In the case of parents who relinquish custody of an infant for adoption purposes, it is well within a licensed health care professional’s (e.g., social workers, CMOs, nursing supervisors) discretion to determine that access by the now-grown infant is reasonably likely to cause harm (e.g., mental anguish, anxiety) to the relinquishing parents.  In reaching that conclusion, the health care professional could point to the state’s adoption procedures.  Most states have detailed statutes and regulations that outline the procedures that courts and adoption agencies must follow when managing adoption records.  The obvious intent of those laws is to protect adopted children and relinquishing parents from discovering each other’s identities without mutual consent.

Note that if access to the birth records is denied by the hospital pursuant to the HIPAA regulations’ exception at 45 C.F.R. §164.524(a)(3), the hospital must:

  • Give the adopted individual a copy of any information in the record that is not likely to harm the birth parents (probably, a copy of the entire record with all identifying information about the parents removed).  45 C.F.R. 164.524(d)(1).
  • Provide a timely, written denial to the individual, including the basis for the denial, a statement of the individual’s right to request review, an explanation of how the individual can exercise that right, and a description of how the individual can complain to the hospital (including the name or title and telephone number of the contact person) or to the Secretary of the Department of Health and Human Services. 45 C.F.R. 164.524(d)(2).
  • If the patient appeals the denial, the hospital must appoint a licensed health care professional who was not involved in the original decision to deny access to review the request for access.  The hospital must then promptly inform the patient of the reviewing professional’s decision and take other action as required to carry out the reviewing professional’s decision.  45 C.F.R. 164.524(d)(4).

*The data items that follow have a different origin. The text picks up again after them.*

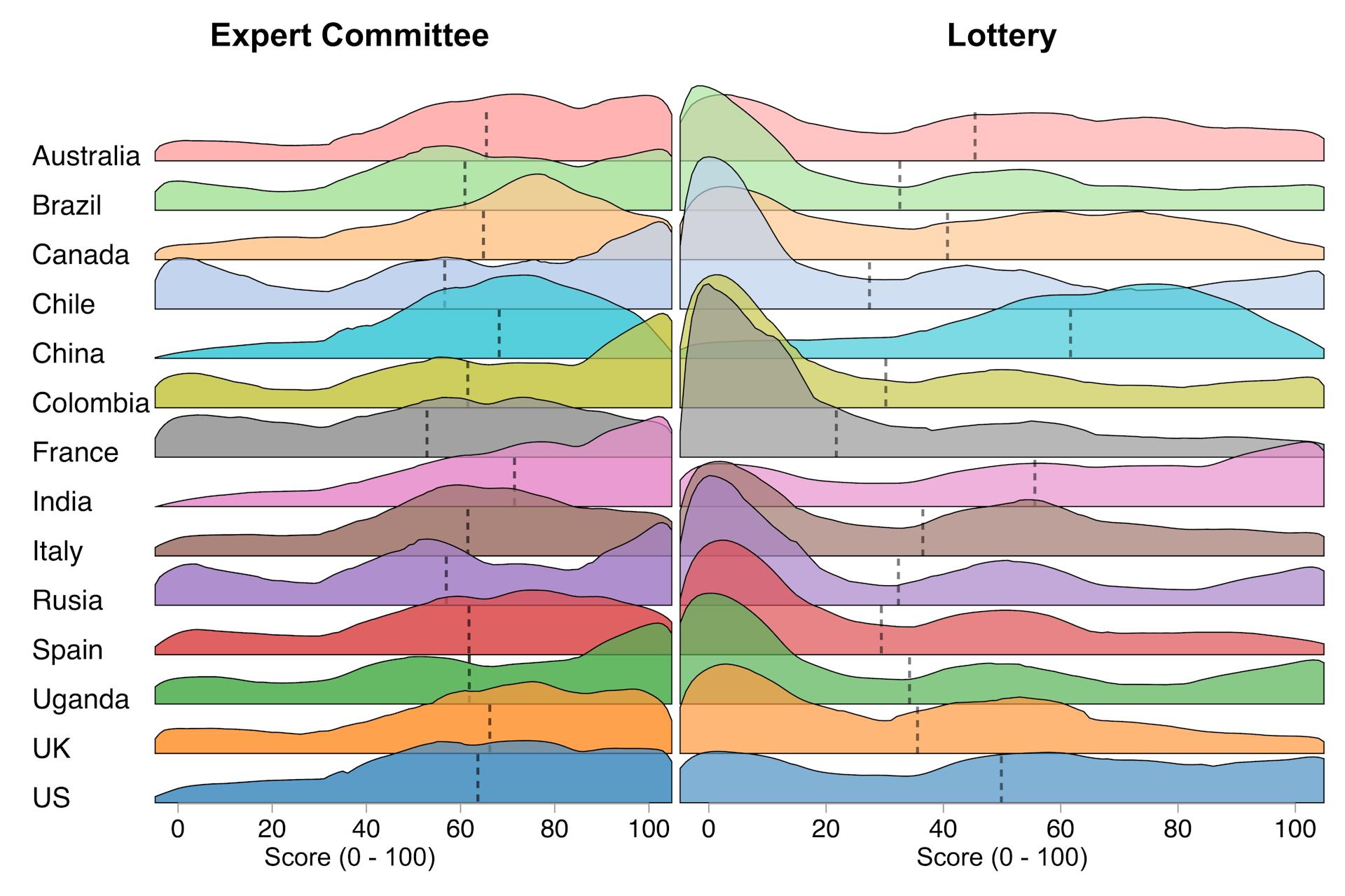 On average, expert committees scored 61, compared with just 37 for lotteries. While expert allocation was more acceptable everywhere, support for lotteries varied sharply across countries – from strikingly low in France and Chile to relatively high in China, India and the US.
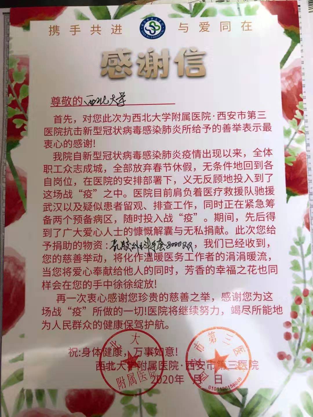 急难关头显党性,关键时刻有担当。战“疫”打响后,pg娱乐电子游戏官网入口副院长陈凯同志,秉承西大医学人“医人报国、精诚济世”的使命责任,带头参加到疫情防控工作当中,发挥共产党员的先锋模范作用。疫情暴发以来,他积极与学校附属医院沟通联系、了解所急所需,在得知一线医护物资紧张的情况后,及时向学校汇报,协调专款支援疫情防控一线。在疫情防控的关键时期,他与国内处、财务处等同志积极调动各方资源,及时跟进货源渠道情况,在“上海正和岛爱心企业家”校友联盟、澳洲校友总会、罗马尼亚陕西商会、陕西省归国华侨联合会等组织的协助支援下,累计采购捐赠口罩20845个,医用防护手套8000双,防护面罩600个、类人胶原蛋白修复敷料176盒,在一定程度上缓解了疫情一线防控物资紧缺之急。他的默默付出,彰显出了共产党员的初心与使命。
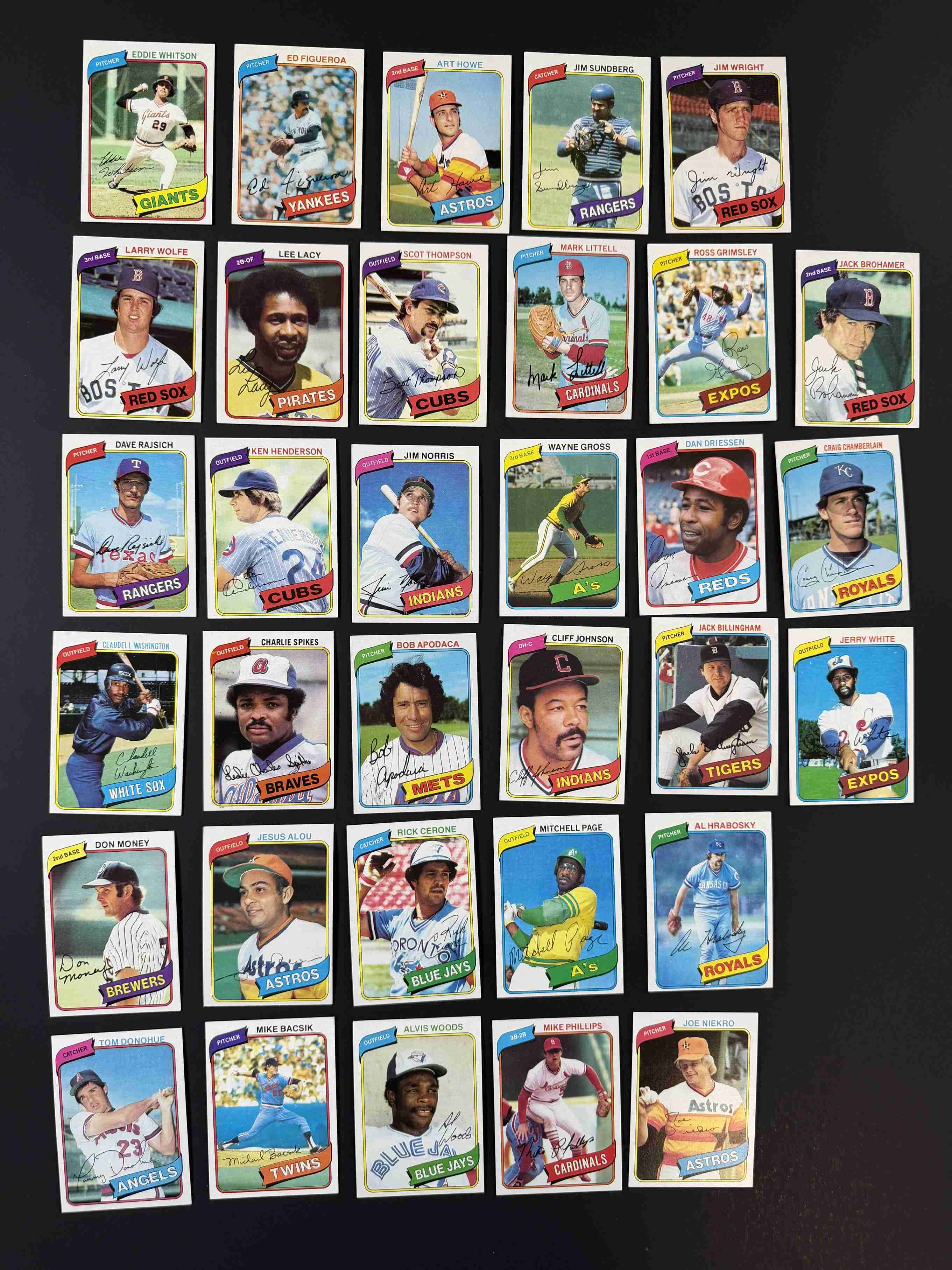150 different 1980 Topps baseball in high grade. Condition ranges from EX-MT to MINT! Includes Pete Rose, Mike Schmidt, Dave Parker & Joe Morgan. Very nice looking cards.

Finally, though it is not legally required, if you intend to deny access to a birth record, consider referring the requestor to the local courts or child welfare agency to obtain more information about lawfully obtaining the identity of the birth parents.  Many states have amended their adoption procedures in recent years to provide a process for adoptees or birth parents to seek each other’s consent to share their identities and contact information.